→ **What is needed**
In the copy, include no pictures. Reproduce the rest of the entries exactly.

→ **Records from a data source**
****
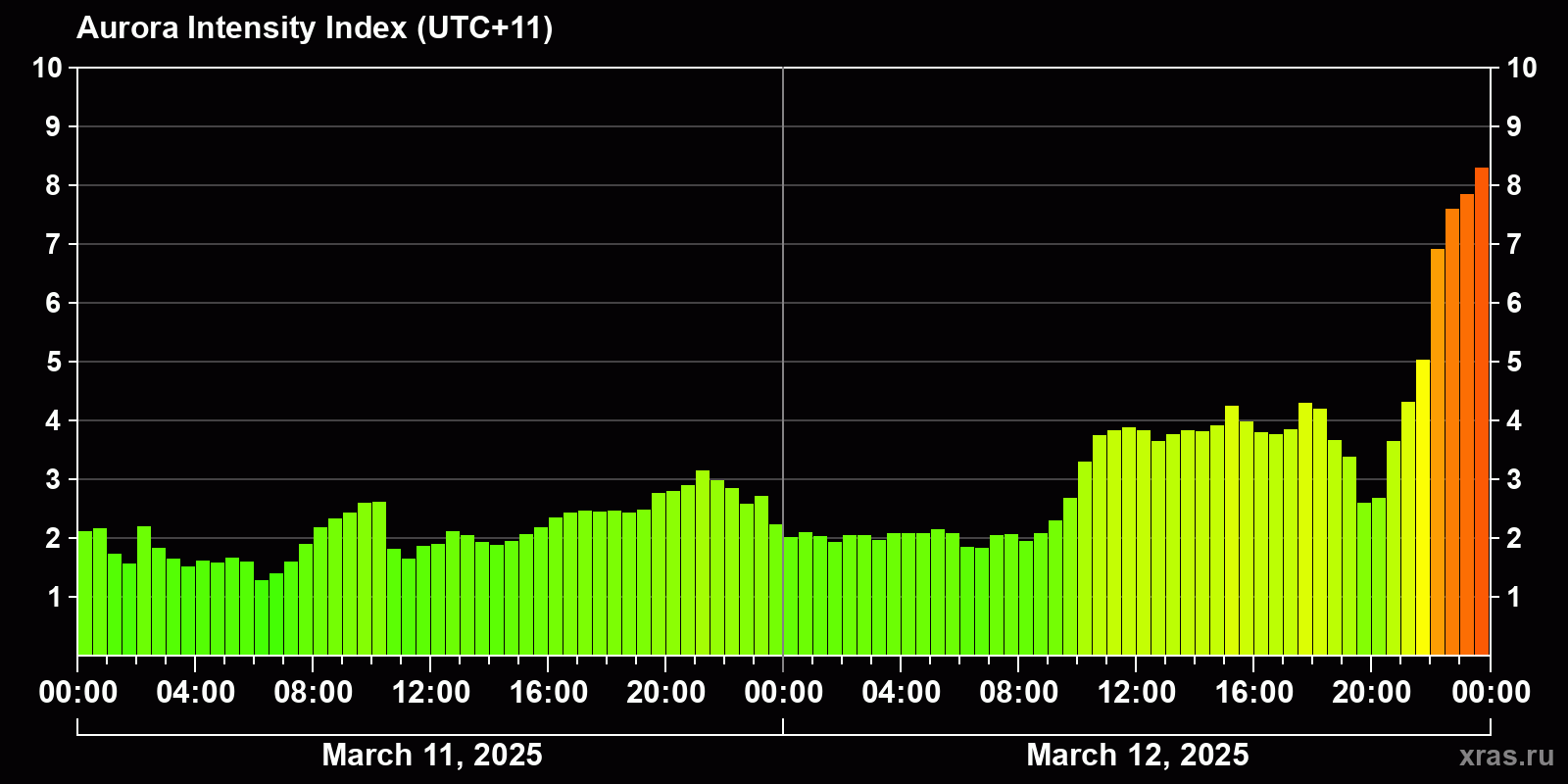 Changes in the auroral intensity index from 2025-03-11 to 2025-03-12 local time
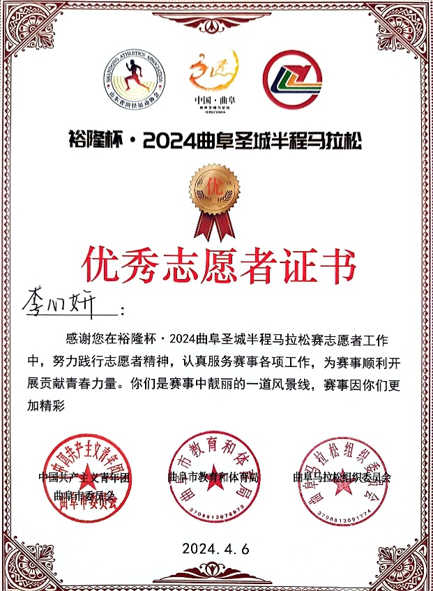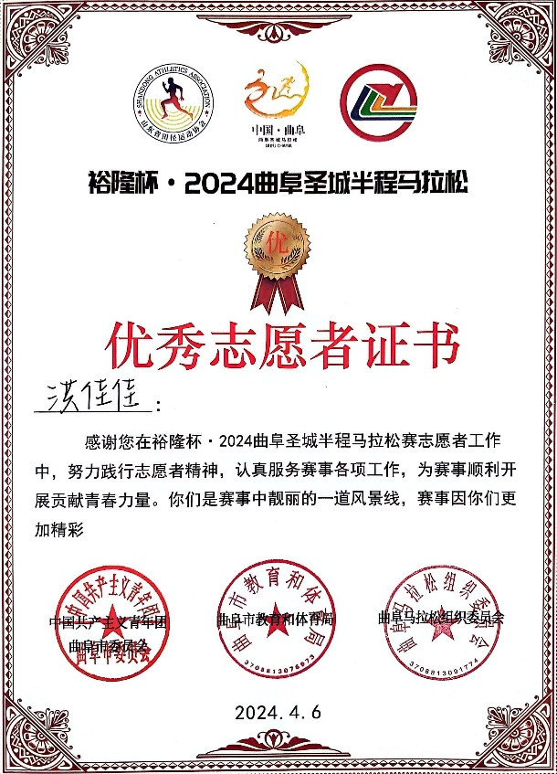 为了协助维护比赛秩序,为参赛者提供引导等服务,保障赛事顺利进行,3月9日—3月12日,应共青团曲阜市委邀请,大乐透 开展“2024曲阜圣城马拉松”志愿者招募活动。经过层层选拔,大乐透 共有51名同学成功担任圣城马拉松志愿者。
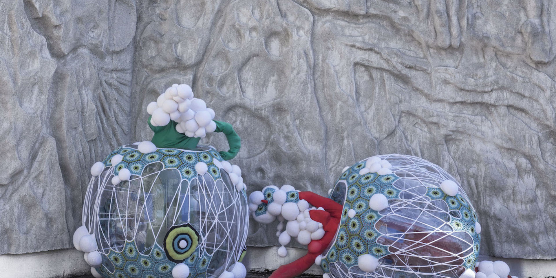 L’azione interattiva tra due corpi umanoidi, senza identità di genere, rende visibile l’invisibile. La mitosi cellulare si traduce in una performance ed installazione tessile immersiva dove è il potenziale immaginativo ad essere generato e svelato. Moti perpetui e relazioni simbiotiche trasformano lo spazio urbano con un intervento site-specific che immagina e rappresenta un nuovo ecosistema rigenerativo.
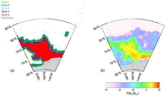 (a) Illustration of the sea-ice zones 0–5 for an area near the Antarctic ice shelf. Zone 0 (open ocean) observations are plotted white. The area near (65S, 140W) depicts a very large iceberg. (b) Antenna gain weighted sea-ice fraction gice from the OSI-SAF SIC product [].
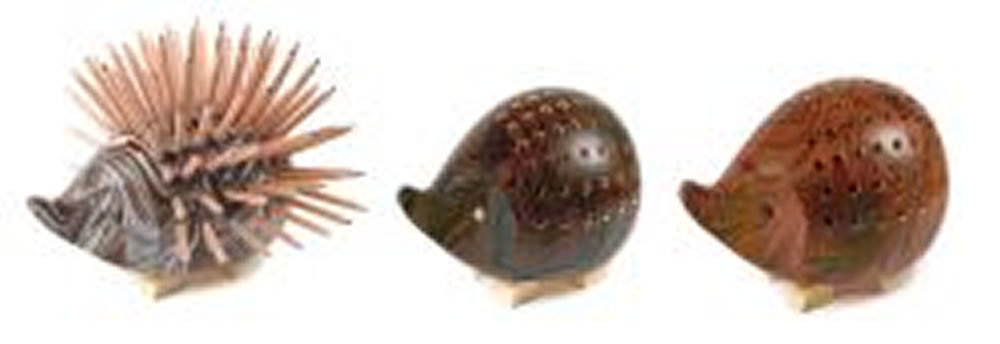 Plný dřevěný stojan na tužky ve tvaru ježka. Délka 240 mm, průměr 150 mm, výška s nožičkami 150 mm. 84 otvorů na tužky o průměru 8 mm. 84 polovičních pastelek.
****
→ **Task result**
 Changes in the auroral intensity index from 2025-03-11 to 2025-03-12 local time
 为了协助维护比赛秩序,为参赛者提供引导等服务,保障赛事顺利进行,3月9日—3月12日,应共青团曲阜市委邀请,大乐透 开展“2024曲阜圣城马拉松”志愿者招募活动。经过层层选拔,大乐透 共有51名同学成功担任圣城马拉松志愿者。
 L’azione interattiva tra due corpi umanoidi, senza identità di genere, rende visibile l’invisibile. La mitosi cellulare si traduce in una performance ed installazione tessile immersiva dove è il potenziale immaginativo ad essere generato e svelato. Moti perpetui e relazioni simbiotiche trasformano lo spazio urbano con un intervento site-specific che immagina e rappresenta un nuovo ecosistema rigenerativo.
 (a) Illustration of the sea-ice zones 0–5 for an area near the Antarctic ice shelf. Zone 0 (open ocean) observations are plotted white. The area near (65S, 140W) depicts a very large iceberg. (b) Antenna gain weighted sea-ice fraction gice from the OSI-SAF SIC product [].
 Plný dřevěný stojan na tužky ve tvaru ježka. Délka 240 mm, průměr 150 mm, výška s nožičkami 150 mm. 84 otvorů na tužky o průměru 8 mm. 84 polovičních pastelek.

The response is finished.